Contract Number: FA8649-21-P-1633
Start Date: 9/2/2021    Completed: 12/2/2022
Phase II year
2021
Phase II Amount
$748,727
Commercial eVTOL aircraft are emerging for use in urban environments that assume well prepared landing sites and extensive backup power systems that ensure soft landings. Such designs do not consider defense-specific missions where landing terrains may be mobile or unprepared. Additionally, they do not consider emergency scenarios where hard impact landings may be inevitable. In order for these aircraft to successfully transition to USAF missions, they will need to land on unprepared surfaces and even mobile platforms, such as ship decks, and offer hard impact attenuation.
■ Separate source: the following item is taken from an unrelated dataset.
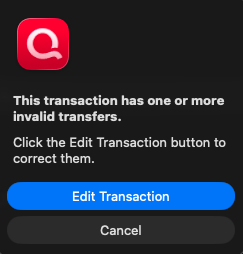 When you edit the transaction, or click the red arrow and the edit transaction button in the message that appears, are you able to see anything incorrect with the transfer category?
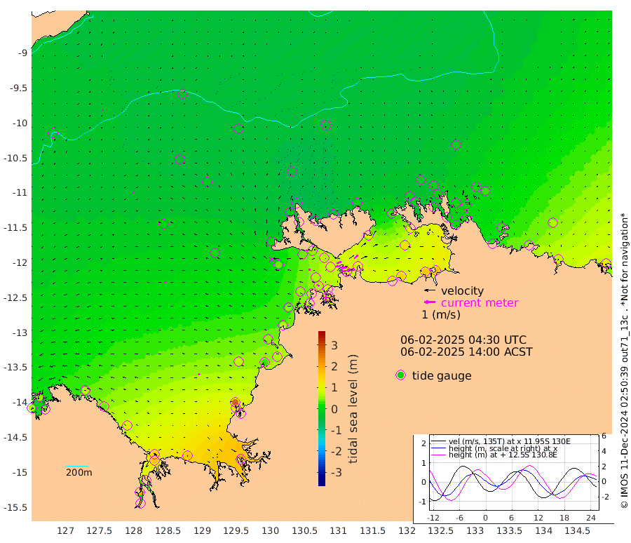 76cm/s 79T +4cm/s rms + 6cm/s 51T. Darwin_C1 52m 65cm/s 90T +4cm/s rms + 7cm/s -161T. Darwin_CW1 22m 28cm/s 73T +4cm/s rms + 8cm/s 61T. Darwin_CW2 34m 46cm/s 45T +3cm/s rms + 9cm/s 98T. Darwin_CW3 22m 56cm/s 91T +5cm/s rms + 7cm/s 88T. Darwin_C3 56m 45cm/s 66T +2cm/s rms + 9cm/s -126T. Darwin_CTbW 22m 4cm/s -5T +9cm/s rms + 2cm/s -110T. NWSLYN 196m 18cm/s -75T +1cm/s rms + 1cm/s -47T. DARBGF 30m 8cm/s -124T +7cm/s rms + 2cm/s -137T. ITFTIS 464m 8cm/s -123T +9cm/s rms + 1cm/s 74T. ITFMHB 146m 15cm/s -52T +4cm/s rms + 1cm/s -134T. ITFJBG 61m 18cm/s -69T +6cm/s rms + 4cm/s 121T. ITFFTB 108m 27cm/s -49T +4cm/s rms + 3cm/s 80T. NRSDAR 19m 52cm Carronade Island 60cm Guy Point 52cm Napier Broome Bay 68cm Lesueur Island 106cm Reveley Island 40cm Rocky Island 158cm Cape Domett 148cm Lacrosse Island 183cm Adolphus Island 196cm Pender Point 216cm Wyndham -9cm The Boxers -27cm Unnamed Shoal -37cm Loxton Shoal 158cm Pelican Island -21cm Calder Shoal -30cm Evans Shoal 228cm Quoin Island 115cm Port Keats 110cm Jones Point 263cm Catfish Island 68cm Cape Scott Offshore 32cm Cape Ford 66cm Anson Bay -36cm Goodrich Bank 54cm Peron Island North 57cm Point Jenny 51cm Native Point 54cm Fish Reef 62cm Tapa Bay 4cm Point Fawcett (Offshore) 70cm Burge Point 40cm Munkunuwa 37cm Beagle A 64cm Parsons Bank 67cm Fenton Patches -36cm Lynedoch Bank 81cm Hancox Shoal Area 82cm Nightcliff 75cm Darwin 59cm Charles Point Patches 93cm Glyde Point 135cm Chambers Bay 141cm Point Stuart 100cm Cape Hotham 130cm Christine Reef 160cm West Alligator Head 174cm East Field Island 105cm Two Hills Bay 20cm Newby Shoal 95cm Camp Point 49cm Medina Inlet South -20cm South Barlow Point -22cm St. Asaph Bay -37cm Cape Van Dieman -42cm Snake Bay -24cm Cache Point -31cm Echo Shoal -10cm Point Jahleel (Off) 29cm Cape Don -11cm Port Essington -7cm Smith Point - West -9cm NW Peacock Island -17cm North Of Jones Shoal -5cm Peacock Island 4cm Point David -8cm D'urville Point -10cm Money Shoal 9cm Copeland Island 15cm Cape Cockburn 4cm One Tree Point 23cm Hogmany Shoal 5cm New Year Island - West 10cm Grant Island 25cm Aurari Bay 50cm Cuthbert Point 26cm North Goulburn Island 61cm Paxie Shoal 76cm Entrance Island 106cm Yabooma Island

Earthly Dynamics and Research Institute Georgia Tech propose studied Robotic Landing Gear for Group 4 eVTOL platforms that will meet the future needs of the USAF. During the customer discovery, Earthly Dynamics discovered that AFSOC had a defense mission need for RLG on ISR VTOL UAS in Groups 2-5. Together, AFSOC and Earthly Dynamics defined a Phase II solution trial to design, build, and flight test a Robotic Landing Gear design that is feasible for Group 4 onto a Group 2 UAS. Earthly Dynamics proposes to completely design the system using in-house and commercial digital engineering tools, then complete indoor validation tests of the system, and conclude the solution trial with a flight demonstration. This Phase II will see the TRL level for the Group 4 RLG mechanisms advance from TRL 3/4 to TRL 7 on Group 2 UAS. The proposed Phase II effort will be the first step to transitioning Robotic Landing Gear from Academia to a Commercial solution as EDC scales the systems from Group 2 UAS to large manned and unmanned aircraft – such as eVTOL platforms.